То ли она чувствует повышенное внимание, то ли теряется из-за того промедления, что я ненароком выдаю… Вскидывает взгляд.

Сталкиваемся.

Хрен объяснишь, что происходит. Из моей груди будто одним мощнейшим ударом весь воздух выбивает. Да что там воздух?! Ломает ребра, разрывает мягкие ткани и увечит тот проклятый основной орган, который я, блядь, призываю работать только на механическую часть.

Никакой, мать вашу, чувствительности! На хрен.

Однако Дикарка уже что-то ловит в моем взгляде. Сказать, что именно, сам не могу – я ведь на себя не смотрю. Но отчетливо вижу, как меняется ее лицо. Столько эмоций по нему рассекает… Мать вашу, не пережить мне.

А она… Богданова берет и выпрямляется, будто я ей силу какую-то дал. Поворачивается ко мне и, пока я своим запаренным мозгом соображаю, какого черта она творит, садится на стол, отрывисто вздыхает и, потянувшись, обвивает мою шею руками, чтобы по итогу притянуть меня между своих раздвинутых ног.

Вот теперь мы не просто сталкиваемся… Когда между лицами двести двадцать ватт освещения и жалкие сантиметры расстояния, когда взгляды сливаются, словно вышедшие из берегов два противоборствующих течения, когда полностью теряется ощущение реальности – мы врезаемся насмерть.

Она нежная. Она, блядь, слишком нежная.

Мне такого не надо!
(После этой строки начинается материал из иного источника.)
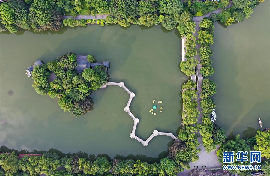 桂林市榕湖景观(7月1日无人机拍摄)。 夏日时节,广西桂林市区内的榕湖、杉湖、桂湖、木龙湖等地绿树成荫、景色迷人。 新华社记者陆波岸摄
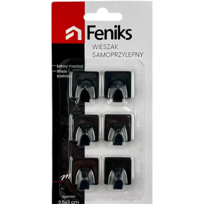 Гачок 1уп-6шт на самоклейці металевий 74303 на блістері Квадрат чорний
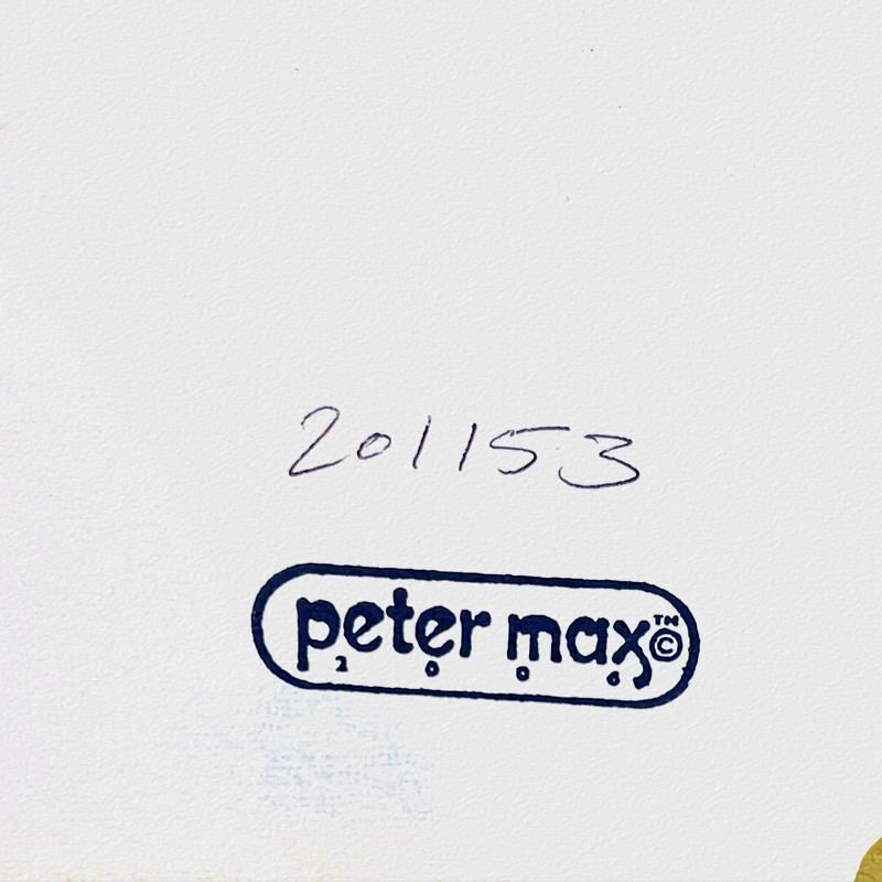 "United We Stand" is a one-of-a-kind mixed media on paper, hand signed by Peter Max. The piece comes custom framed with a backside cutout to display Peter Max Studio registration number 201153 certifying authenticity. Measures approximately 35" x 29" (frame), 24" x 18" (image). This item requires special handling and may have a longer than usual turnaround.
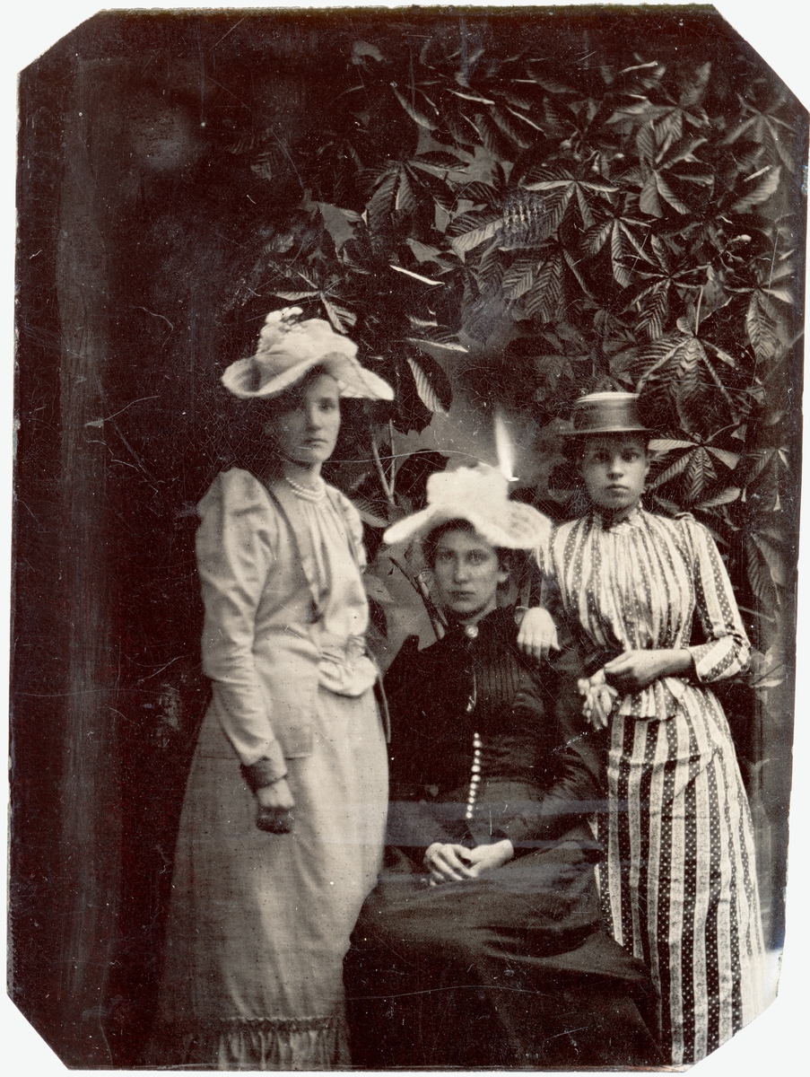 Ferrotyp - tre unga kvinnor, Elisabeth (Elise) Wenster i mitten, Uppsala, 15 juli 1891
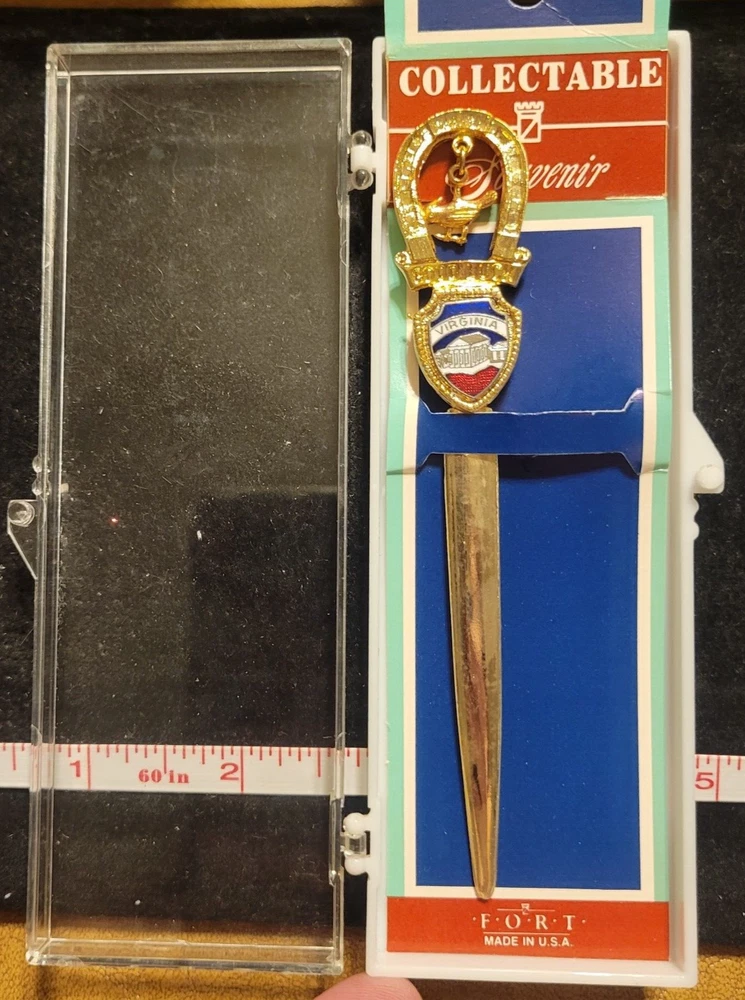 Virginia VA Gold Cardinal Dangle Collectible State Souvenir Envelope Opener box

Но, сука, оттолкнуть ее я не могу.

Стискиваю челюсти и дышать прекращаю, когда проводит ладонями по задней части шее, прочесывает пальцами короткий ежик волос и мягко приникает грудью к моему торсу.

Зрительный контакт не разрываем, хотя трещит между нами так, что по уму стоило бы закрыть глаза и оборвать. Блядь, да много чего стоило бы! Только я уже теряю голову.

Я, мать вашу, теряю голову… Кругом идет. С дрифтом наваливает.

Это все Богданова. Она. Сука, что с ней не так?

Едва успеваю порадоваться тому, что додумался натянуть толстовку, Дикарка томно вздыхает и порывается ее с меня стащить. Отбиваться, как девчонка, я, конечно, не собираюсь. Позволяю и даже помогаю, продолжая теряться из-за своей неготовности к тому, что она проявит хоть какую-то инициативу.

– Ты смелее, – выдыхаю сипом.

– Это плохо? Тебе не нравится? – шелестит едва слышно, напряженно вглядываясь мне в глаза.

Сглатываю чересчур нервно. Злюсь. От этого отвечаю грубее, чем должен:

– Нравится.

К сожалению, Дикарку моя грубость не отталкивает. Сразу же приклеивается грудью и ласково, мать ее, ведет ладонями по моим плечам.

– Я люблю прикасаться к тебе, – добавляет зачем-то.

И во мне будто пробки вылетают. Освещение тухнет, и я, как в моменты лютой синьки, забываю, где нахожусь.

«Я люблю…»

«Я люблю…»

«Я люблю…»

«…прикасаться к тебе…»

Мотаю головой, пока не прорывается пятнами свет. Рыком какой-то трешак выдаю. И наступаю. Следовало бы развернуть Дикарку обратно спиной, но у меня, походу, мозги уже конкретно закоротило – не хочу этого делать. Стискиваю ладонями ее ягодицы и толкаю на себя. Упиваюсь тем, как дергается, едва соприкасаемся плотью. Каким-то животным инстинктом поднимается стремление довести ее до состояния запредельного удовольствия, чтобы вся бесконтрольно и непрерывно тряслась, чтобы безостановочно стонала, чтобы себя потеряла, как терял раньше я.

Только ведь…

Сука, меня ведь самого сейчас даже резина не спасает. Сука… Не моргая, смотрю в заплывшую слезами зелень глаз и направляю внутрь Лизы член.

Лиза… Она… Она…

Толкаюсь и с диким хрипом теряю под ногами почву.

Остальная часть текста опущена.